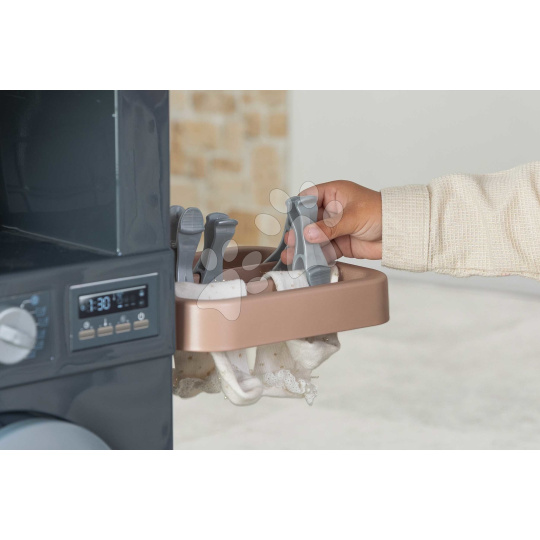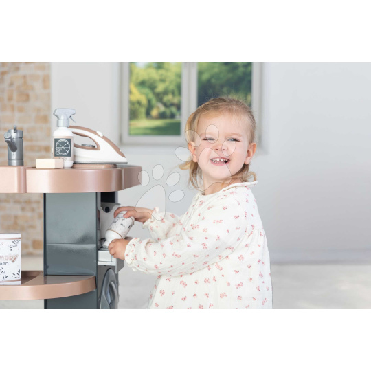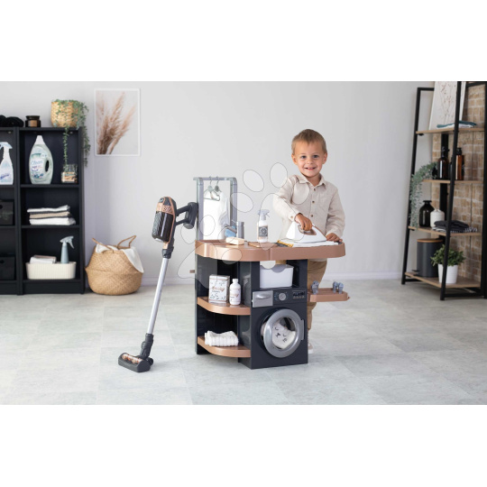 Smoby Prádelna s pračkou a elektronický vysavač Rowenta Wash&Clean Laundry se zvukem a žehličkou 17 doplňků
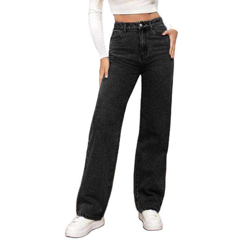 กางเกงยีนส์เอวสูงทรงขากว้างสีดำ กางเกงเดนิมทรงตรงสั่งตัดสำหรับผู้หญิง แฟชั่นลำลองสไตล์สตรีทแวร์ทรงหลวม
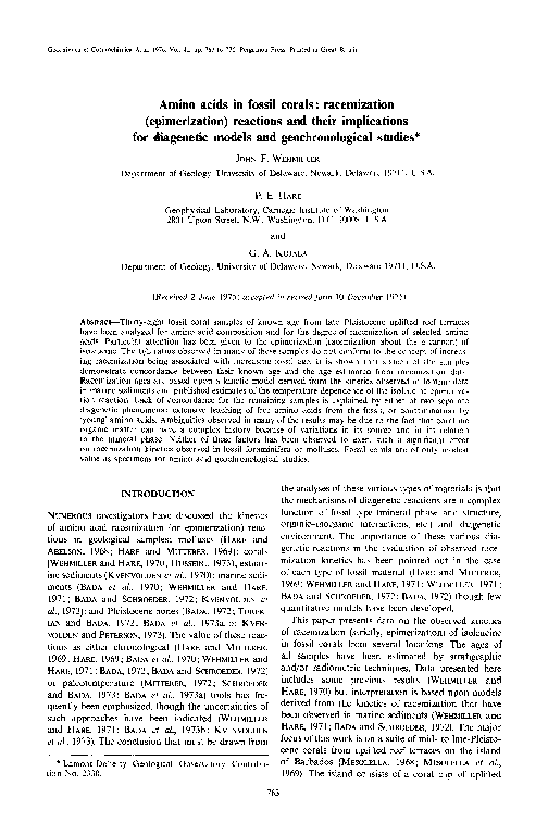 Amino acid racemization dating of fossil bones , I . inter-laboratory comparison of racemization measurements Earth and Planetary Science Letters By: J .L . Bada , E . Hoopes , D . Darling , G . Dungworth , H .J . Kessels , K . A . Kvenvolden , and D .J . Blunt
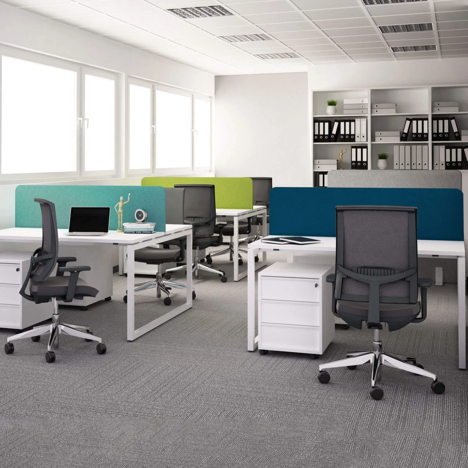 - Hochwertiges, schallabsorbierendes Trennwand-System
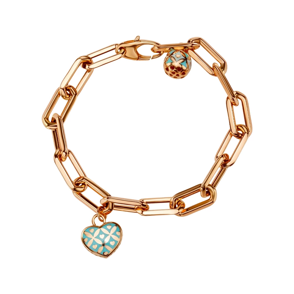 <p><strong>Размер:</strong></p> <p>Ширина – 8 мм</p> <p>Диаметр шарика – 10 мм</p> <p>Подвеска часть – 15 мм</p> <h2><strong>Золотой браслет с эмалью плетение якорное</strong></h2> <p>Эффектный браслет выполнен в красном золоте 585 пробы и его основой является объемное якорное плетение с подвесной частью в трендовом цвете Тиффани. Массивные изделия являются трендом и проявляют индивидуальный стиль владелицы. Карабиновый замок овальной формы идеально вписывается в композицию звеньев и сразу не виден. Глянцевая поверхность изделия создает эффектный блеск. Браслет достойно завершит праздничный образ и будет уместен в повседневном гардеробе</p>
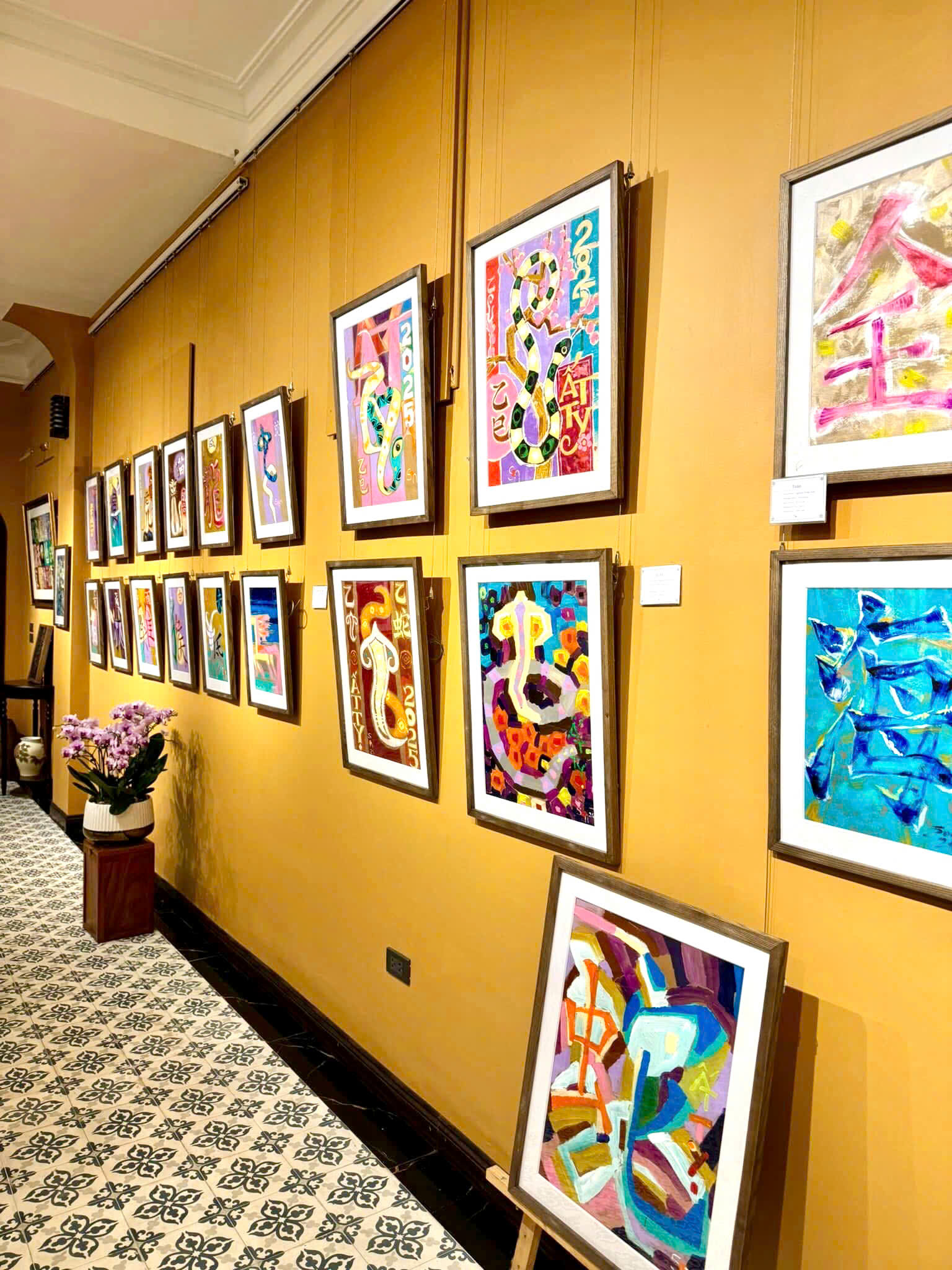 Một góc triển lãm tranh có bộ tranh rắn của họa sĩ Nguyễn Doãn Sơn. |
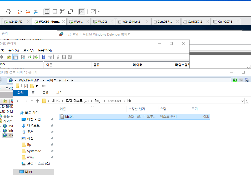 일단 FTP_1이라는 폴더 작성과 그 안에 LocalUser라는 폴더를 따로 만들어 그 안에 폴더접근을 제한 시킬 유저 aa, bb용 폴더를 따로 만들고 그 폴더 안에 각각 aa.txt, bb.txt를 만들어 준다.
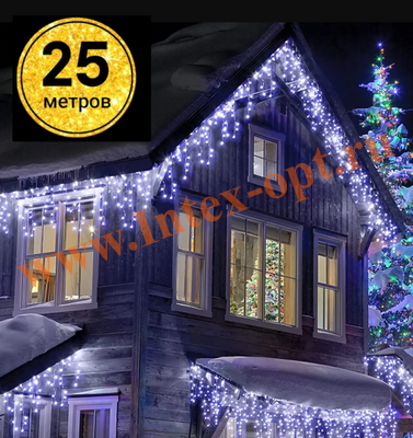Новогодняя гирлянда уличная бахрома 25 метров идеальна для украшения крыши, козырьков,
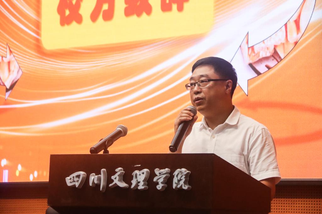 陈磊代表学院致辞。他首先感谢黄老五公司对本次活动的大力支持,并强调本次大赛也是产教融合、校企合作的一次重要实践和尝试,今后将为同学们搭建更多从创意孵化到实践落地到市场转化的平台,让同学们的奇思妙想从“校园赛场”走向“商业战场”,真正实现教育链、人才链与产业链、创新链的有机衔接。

☆ ☆ ☆ ☆ ☆

* [Exercise brief]: Leave out the pictures, then copy all the remaining text in the records exactly.

* [Exercise result]:
 Smoby Prádelna s pračkou a elektronický vysavač Rowenta Wash&Clean Laundry se zvukem a žehličkou 17 doplňků
 กางเกงยีนส์เอวสูงทรงขากว้างสีดำ กางเกงเดนิมทรงตรงสั่งตัดสำหรับผู้หญิง แฟชั่นลำลองสไตล์สตรีทแวร์ทรงหลวม
 Amino acid racemization dating of fossil bones , I . inter-laboratory comparison of racemization measurements Earth and Planetary Science Letters By: J .L . Bada , E . Hoopes , D . Darling , G . Dungworth , H .J . Kessels , K . A . Kvenvolden , and D .J . Blunt
 - Hochwertiges, schallabsorbierendes Trennwand-System
 <p><strong>Размер:</strong></p> <p>Ширина – 8 мм</p> <p>Диаметр шарика – 10 мм</p> <p>Подвеска часть – 15 мм</p> <h2><strong>Золотой браслет с эмалью плетение якорное</strong></h2> <p>Эффектный браслет выполнен в красном золоте 585 пробы и его основой является объемное якорное плетение с подвесной частью в трендовом цвете Тиффани. Массивные изделия являются трендом и проявляют индивидуальный стиль владелицы. Карабиновый замок овальной формы идеально вписывается в композицию звеньев и сразу не виден. Глянцевая поверхность изделия создает эффектный блеск. Браслет достойно завершит праздничный образ и будет уместен в повседневном гардеробе</p>
 Một góc triển lãm tranh có bộ tranh rắn của họa sĩ Nguyễn Doãn Sơn. |
 일단 FTP_1이라는 폴더 작성과 그 안에 LocalUser라는 폴더를 따로 만들어 그 안에 폴더접근을 제한 시킬 유저 aa, bb용 폴더를 따로 만들고 그 폴더 안에 각각 aa.txt, bb.txt를 만들어 준다.
Новогодняя гирлянда уличная бахрома 25 метров идеальна для украшения крыши, козырьков,
 陈磊代表学院致辞。他首先感谢黄老五公司对本次活动的大力支持,并强调本次大赛也是产教融合、校企合作的一次重要实践和尝试,今后将为同学们搭建更多从创意孵化到实践落地到市场转化的平台,让同学们的奇思妙想从“校园赛场”走向“商业战场”,真正实现教育链、人才链与产业链、创新链的有机衔接。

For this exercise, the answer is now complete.